:: Dataset extract

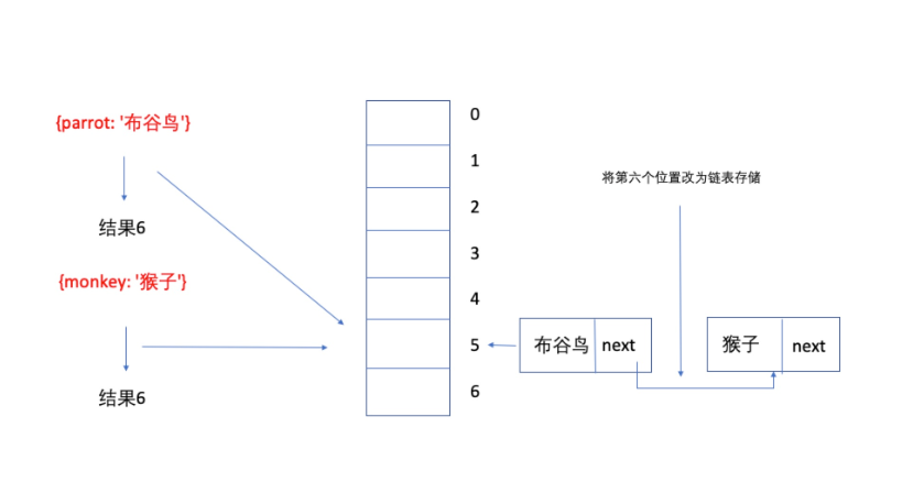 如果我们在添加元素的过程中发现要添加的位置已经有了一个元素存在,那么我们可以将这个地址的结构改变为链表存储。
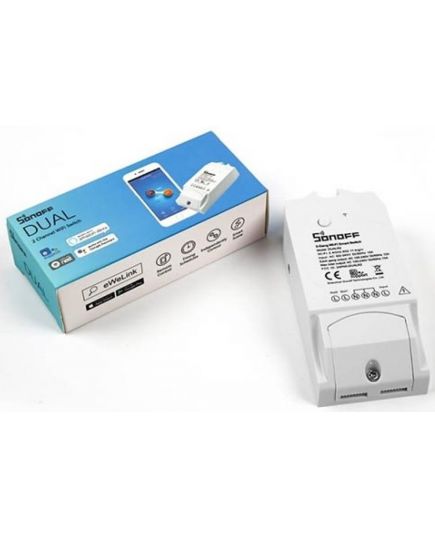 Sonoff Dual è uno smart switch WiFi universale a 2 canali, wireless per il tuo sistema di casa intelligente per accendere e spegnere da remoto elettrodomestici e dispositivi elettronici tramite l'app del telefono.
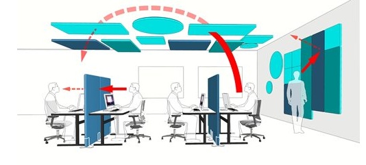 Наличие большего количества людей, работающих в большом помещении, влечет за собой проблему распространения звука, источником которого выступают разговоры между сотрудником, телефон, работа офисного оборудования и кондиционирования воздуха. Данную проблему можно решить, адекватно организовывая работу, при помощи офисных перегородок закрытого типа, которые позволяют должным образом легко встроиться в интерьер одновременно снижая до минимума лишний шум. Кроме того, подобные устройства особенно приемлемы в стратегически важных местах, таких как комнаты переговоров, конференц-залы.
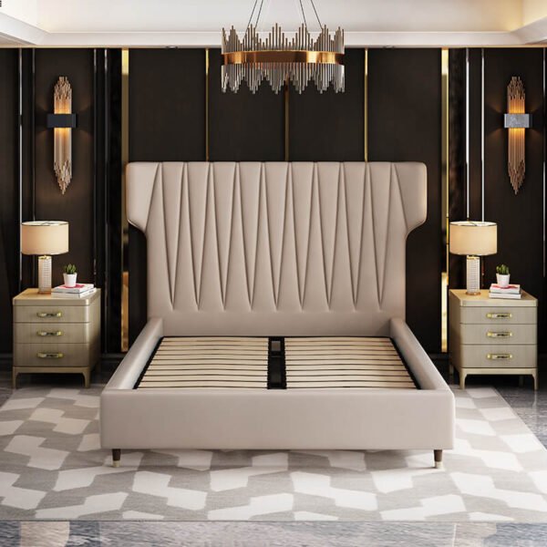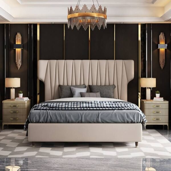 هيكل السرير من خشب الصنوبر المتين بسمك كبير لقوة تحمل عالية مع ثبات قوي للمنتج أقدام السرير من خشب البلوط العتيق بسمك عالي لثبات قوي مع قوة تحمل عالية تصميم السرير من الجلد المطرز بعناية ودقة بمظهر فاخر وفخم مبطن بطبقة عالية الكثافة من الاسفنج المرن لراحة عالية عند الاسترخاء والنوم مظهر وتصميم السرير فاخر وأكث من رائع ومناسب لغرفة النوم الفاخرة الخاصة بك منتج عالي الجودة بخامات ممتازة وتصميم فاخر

::::

* **What is being asked**:
All of the material above goes into the copy exactly as is; the pictures do not.

* **Answer to this task**:
 如果我们在添加元素的过程中发现要添加的位置已经有了一个元素存在,那么我们可以将这个地址的结构改变为链表存储。
 Sonoff Dual è uno smart switch WiFi universale a 2 canali, wireless per il tuo sistema di casa intelligente per accendere e spegnere da remoto elettrodomestici e dispositivi elettronici tramite l'app del telefono.
 Наличие большего количества людей, работающих в большом помещении, влечет за собой проблему распространения звука, источником которого выступают разговоры между сотрудником, телефон, работа офисного оборудования и кондиционирования воздуха. Данную проблему можно решить, адекватно организовывая работу, при помощи офисных перегородок закрытого типа, которые позволяют должным образом легко встроиться в интерьер одновременно снижая до минимума лишний шум. Кроме того, подобные устройства особенно приемлемы в стратегически важных местах, таких как комнаты переговоров, конференц-залы.
 هيكل السرير من خشب الصنوبر المتين بسمك كبير لقوة تحمل عالية مع ثبات قوي للمنتج أقدام السرير من خشب البلوط العتيق بسمك عالي لثبات قوي مع قوة تحمل عالية تصميم السرير من الجلد المطرز بعناية ودقة بمظهر فاخر وفخم مبطن بطبقة عالية الكثافة من الاسفنج المرن لراحة عالية عند الاسترخاء والنوم مظهر وتصميم السرير فاخر وأكث من رائع ومناسب لغرفة النوم الفاخرة الخاصة بك منتج عالي الجودة بخامات ممتازة وتصميم فاخر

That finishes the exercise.